I have a box of Padron 2000 from 06, I'm thinking a box of the padron Londres would be another good box of inexpensive cigars worth putting down for a couple years.


----------



## Andyman (Jun 8, 2004)

I have some original release Padron 64's. They are flat and thin and way past their prime!


----------



## stfoley (Jul 28, 2008)

I've had decent luck mildly aging (well more like conditioning) my Andros Chruchills. After two months in the humidor, they picked up some flavor from the cedar it seems...and seem to be smoother than they were right out of the bundle.
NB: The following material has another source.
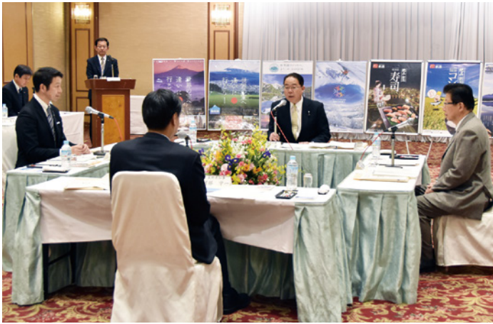
連携して取り組む施策などについて意見を交わす各知事

Basically, it made a $1 cigar a $1.50 cigar....not great but not bad really


----------



## presidentbryce (Oct 9, 2008)

Scud said:


> I'll give ya my take on it, for what it's worth.
> 
> I'm feeling that for the best aging, the leaf is the most important aspect. Being too dry when it's originally made will offset proper aging as will if the cigar is too packed with tobacco. If a cigar is bad after 6 months in a humidor, it's not going to get better. The more oils on the leaf will also help with aging. I also think proper humidity and temp control is crucial.
> 
> Some cigars don't do anything with age. Gurkhas will, in my experience, be the same after 30 days that they are in a year or more. Flor de Olivas age amazingly well with a year or more. There's probably a point at which aging is finished, but I haven't found any in my assortment that have a year or more on them that have stopped getting better with age.


Thanks for the helpful comment Scud. This is the info that I'm looking for. To quote TXMatt:

"A dog rocket like a Cremosa isn't going to improve no matter how long you age it, but I think "so so" cigars are worth setting aside to age if you have the space in your humidor."

Aging for me starts when the stick arrives at my doorstep. If it's not ready to smoke right away, I get impatient. If I'm going to wait a month or six just to find out that the cigar is acclimatized but still tastes horrible, then it is a waste of time and money at any price. What I'm looking for is cigars that we can get a deal on because they are "green" or "wet", and do the aging ourselves. If I can buy a bundle of Flor de Olivas for $40 and I have it on a fellow BOTL's word that it is worth the wait, then I can be patient.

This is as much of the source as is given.